- **What is being asked**
From the line containing "затем 2 - верхних, после" to the last line of the data, both included, transcribe each line exactly, leaving out pictures and adding nothing.

- **Exercise data**
- Opening Delimiter -

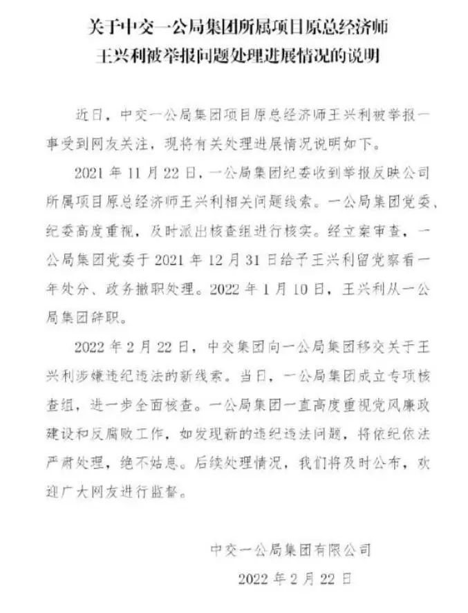 此前,有女子“微博账号wan婉婉_”实名举报王兴利生活腐化堕落,收受贿赂、大搞权色交易,引发关注。2月22日晚,中交一公局集团发布关于此事的情况说明,称已于2021年12月31日给予王兴利留党察看一年、政务撤职处理。并表示2022年1月10日,王兴利从一公局集团辞职。
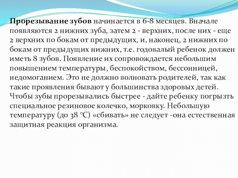 затем 2 - верхних, после них - еще 2 верхних по бокам от предыдущих, и, наконец, 2 нижних по бокам от предыдущих нижних, т.е. годовалый ребенок должен иметь 8 зубов. Появление их сопровождается небольшим повышением температуры, беспокойством, бессонницей, недомоганием. Это не должно волновать родителей, так как такие проявления бывают у большинства здоровых детей. Чтобы зубы прорезывались быстрее - дайте ребенку погрызть специальное резиновое колечко, морковку. Небольшую температуру (до 38 °С) «сбивать» не следует -она естественная защитная реакция организма.
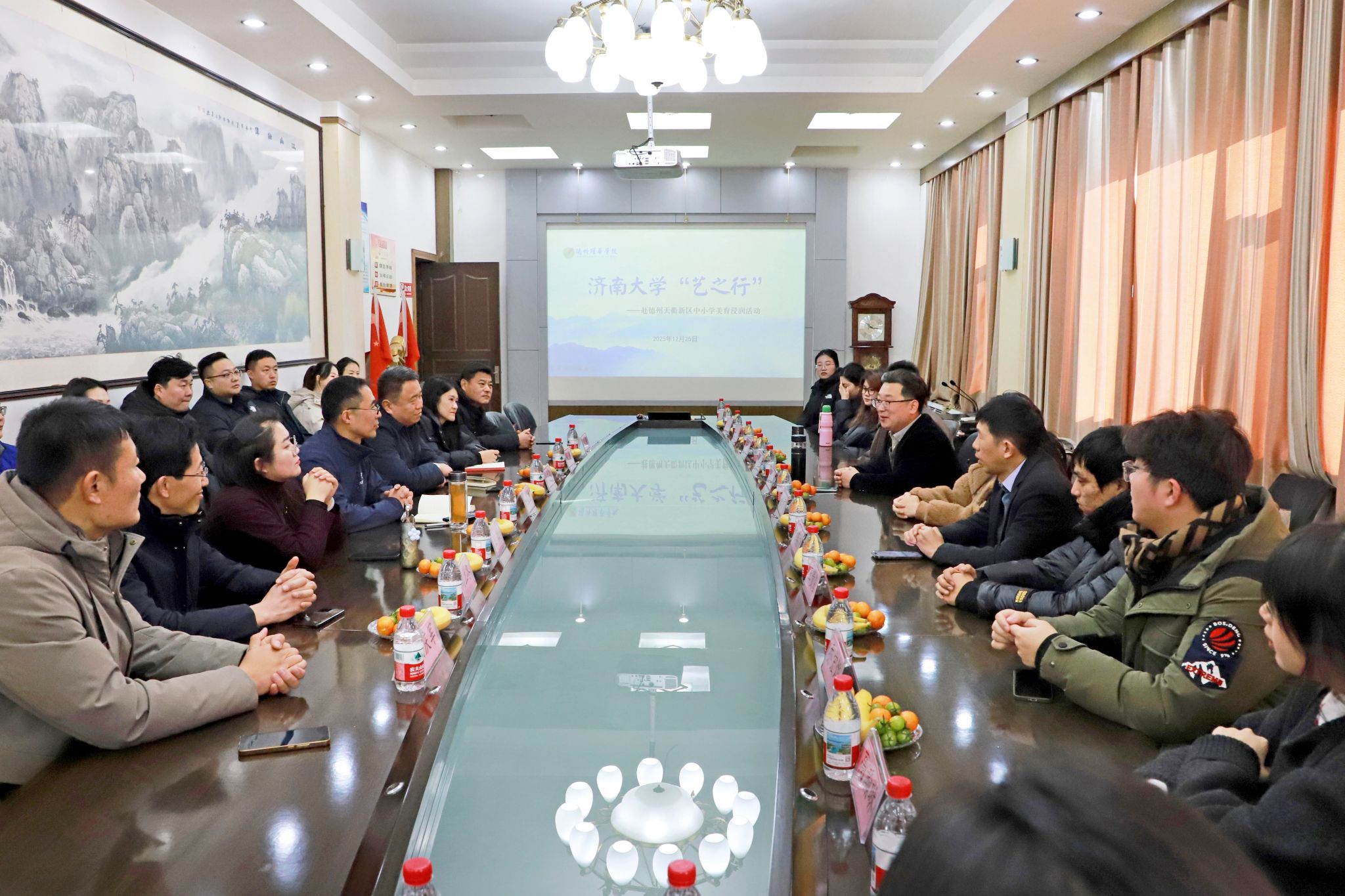 为深入学习贯彻习近平总书记关于教育的重要论述和关于美育工作的重要指示精神,全面落实《关于全面加强和改进新时代学校美育工作的意见》《教育部关于全面实施学校美育浸润行动的通知》部署要求,持续推进优质美育资源下沉基层、服务基础教育高质量发展。12月25日,beat365正版唯一官网必一、音乐学院联合开展“艺之行”美育浸润活动,赴德州市天衢新区走进跃华学校、德州学院附属第一实验小学,围绕观摩研讨、主题讲座和课堂实践等开展系列美育活动,赋能中小学美育提质增效。两院师生代表,德州市教育局、德州市教科院、天衢新区教体卫生事业发展部及有关学校负责同志参加活动。

- Closing Delimiter -

- **Written answer**
 затем 2 - верхних, после них - еще 2 верхних по бокам от предыдущих, и, наконец, 2 нижних по бокам от предыдущих нижних, т.е. годовалый ребенок должен иметь 8 зубов. Появление их сопровождается небольшим повышением температуры, беспокойством, бессонницей, недомоганием. Это не должно волновать родителей, так как такие проявления бывают у большинства здоровых детей. Чтобы зубы прорезывались быстрее - дайте ребенку погрызть специальное резиновое колечко, морковку. Небольшую температуру (до 38 °С) «сбивать» не следует -она естественная защитная реакция организма.
 为深入学习贯彻习近平总书记关于教育的重要论述和关于美育工作的重要指示精神,全面落实《关于全面加强和改进新时代学校美育工作的意见》《教育部关于全面实施学校美育浸润行动的通知》部署要求,持续推进优质美育资源下沉基层、服务基础教育高质量发展。12月25日,beat365正版唯一官网必一、音乐学院联合开展“艺之行”美育浸润活动,赴德州市天衢新区走进跃华学校、德州学院附属第一实验小学,围绕观摩研讨、主题讲座和课堂实践等开展系列美育活动,赋能中小学美育提质增效。两院师生代表,德州市教育局、德州市教科院、天衢新区教体卫生事业发展部及有关学校负责同志参加活动。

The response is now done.